I think we can get around this issue by reframing as as “change in survival probability from baseline.” Then reducing climate risk from 0.1% to 0 is about a 0.1% improvement, and reducing AI risk from 90% to 89% is about a 10% improvement, no matter what other risks there are or how likely we are to survive overall (assuming the risks are independent).
- 1 Mar 2022 22:30 UTC; 8 points) 's comment on .01% Fund—Ideation and Proposal by (
Suppose we believe there is 90% probability that we are living in a simulation, and the simulation will be shut down at some point (regardless of what we do), and this is independent of all other X-risks. Then a basis point suddenly costs ten times what it did before we considered simulation, since nine out of ten basis points go toward preventing other X-risks in worlds in which we’ll be shut down anyway. This is correct in some sense but potentially misleading in some ways — and I think we don’t need to worry about it at all if we reframe as “change in survival probability,” since any intervention has the same increase in survival probability in the 90%-simulation world as increase in survival probability in the 0%-simulation world.
let’s say we’re looking at existential risks in the next 100 years
This works out fine for me, since for empirical reasons, I place overwhelming probability on the conjunction of “existential catastrophe by 2121” and “long-term future looks very likely to be excellent in 2121.” But insofar as we’re using existential-risk-reduction as a proxy for good-accomplished, I think that 1 basis point should be worth something more like 1⁄10,000 of the transition from a catastrophic future to a near-optimal future. Those are units that we should fundamentally care about maximizing; we don’t fundamentally care about maximizing no-catastrophe-before-2121. (And then we can make comparisons to interventions that don’t affect X-risk by saying what fraction of a transition from catastrophe to excellent they are worth. I guess I’m saying we should think in terms of something equivalent to utilons, where utilons are whatever we ought to increase, since optimizing for anything not equivalent to them is by definition optimizing imprecisely.)

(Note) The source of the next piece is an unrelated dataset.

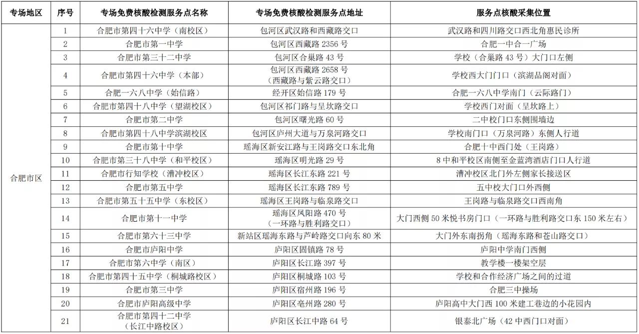 合肥將于6月5日開展高考專場(chǎng)免費(fèi)核酸檢測(cè)

For empirical reasons, I agree because value is roughly binary. But by definition, existential risk reduction could involve moving from catastrophic futures to futures in which we realize a significant fraction of our potential but the future is not near-optimal.

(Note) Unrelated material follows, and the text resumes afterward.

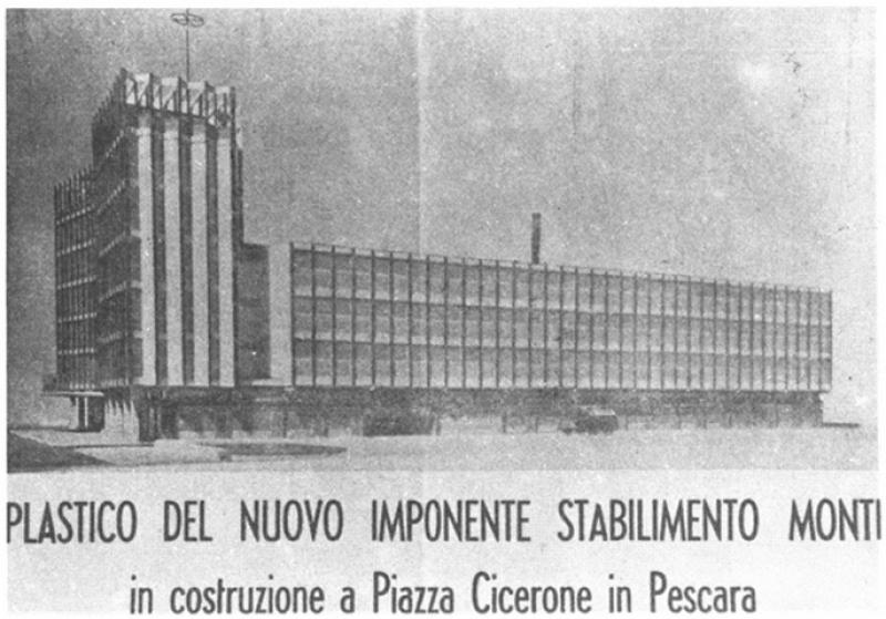 Occupa l’intero isolato prospiciente il MediaMuseum, definendo così una delle quinte prospettiche di piazza Alessandrini. La vicenda costruttiva di palazzo Monti rientra nel novero dei numerosi interventi edilizi avviati nel ventennio successivo alla redazione del piano di ricostruzione di Luigi Piccinato del 1947, il larga parte inapplicato. La destinazione a verde pubblico di numerose aree ricomprese tra la ferrovia e il mare, muta, infatti, in edilizia intensiva dopo la redazione del piano regolatore del 1956. Rientrano tra queste quelle cedute dal marchese Farina agli industriali Vincenzo ed Attilio Monti per la costruzione del loro stabilimento. L’ex-fabbrica Monti in piazza Alessandrini è progettata nel 1954 dall’architetto Cataldi Madonna, il più prolifico di questi decenni: il progetto viene realizzato su parte del sito occupato precedentemente dalla villa e dal parco Farina. Il fabbricato é composto della parte della fabbrica vera e propria, più bassa e collocata posteriormente, con accesso dalla strada laterale, e della parte anteriore di otto piani che guarda verso la piazza dove sorge oggi il Tribunale, anch’esso in via di dismissione. La parte svettante è caratterizzata dalla curvatura della facciata ‘a colpo di vento’, peraltro disegnata da un reticolo molto regolare di finestre con pannello sottostante colorato: alla sommità la griglia si apre agli estremi a definire una sorta di pergola che accompagna la forma a fisarmonica dell'intero pacchetto edilizio. L'attacco a terra è definito dal portico costituito dai pilastri del sistema strutturale. Il progetto redatto dall’architetto Antonio Cataldi Madonna si distingue per la ricercata soluzione formale neoespressionista del lungo fronte flesso del corpo anteriore che contraddice la rigida ortogonalità della cortina edilizia circostante anche attraverso l’attacco a terra porticato. Un reticolo regolare in cemento armato caratterizza l’impaginato del corpo principale; la griglia tamponata da pannelli colorati nel fronte curvo si apre in sommità e agli estremi definendo il gioco di luci e ombre dei prospetti laterali.

I found this post after writing a related post. My post takes a different approach to the issue, fortunately. As a high-level comparison between our positions:
I agree that disappointing futures are very possible.
I agree that disappointing futures are about as bad as existential catastrophes. Indeed, I would definitely categorize disappointing futures as existential catastrophes: disappointing futures involve losing our potential, the definition of an existential catastrophe.

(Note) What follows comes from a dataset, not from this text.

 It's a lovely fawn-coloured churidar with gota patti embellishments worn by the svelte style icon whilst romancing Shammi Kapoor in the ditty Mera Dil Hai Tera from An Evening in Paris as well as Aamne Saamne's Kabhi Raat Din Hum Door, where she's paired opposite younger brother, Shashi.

I am curious about what you think a disappointing future would look like. I believe it is very likely that we will soon (on the scale of civilization) go extinct or achieve technological maturity. If we achieve technological maturity, and if we do not optimize the universe for value, I expect that we will still use mature technology to make the future excellent by prosaic, provincial-human standards. Regardless, understanding what disappointing futures—or “pretty good” futures, my term matching my expectation—look like and what might cause them is important to avoid them.
I would be excited to discuss possible disappointing futures (in these comments, in the comments on my post, or on a call) if you’re interested.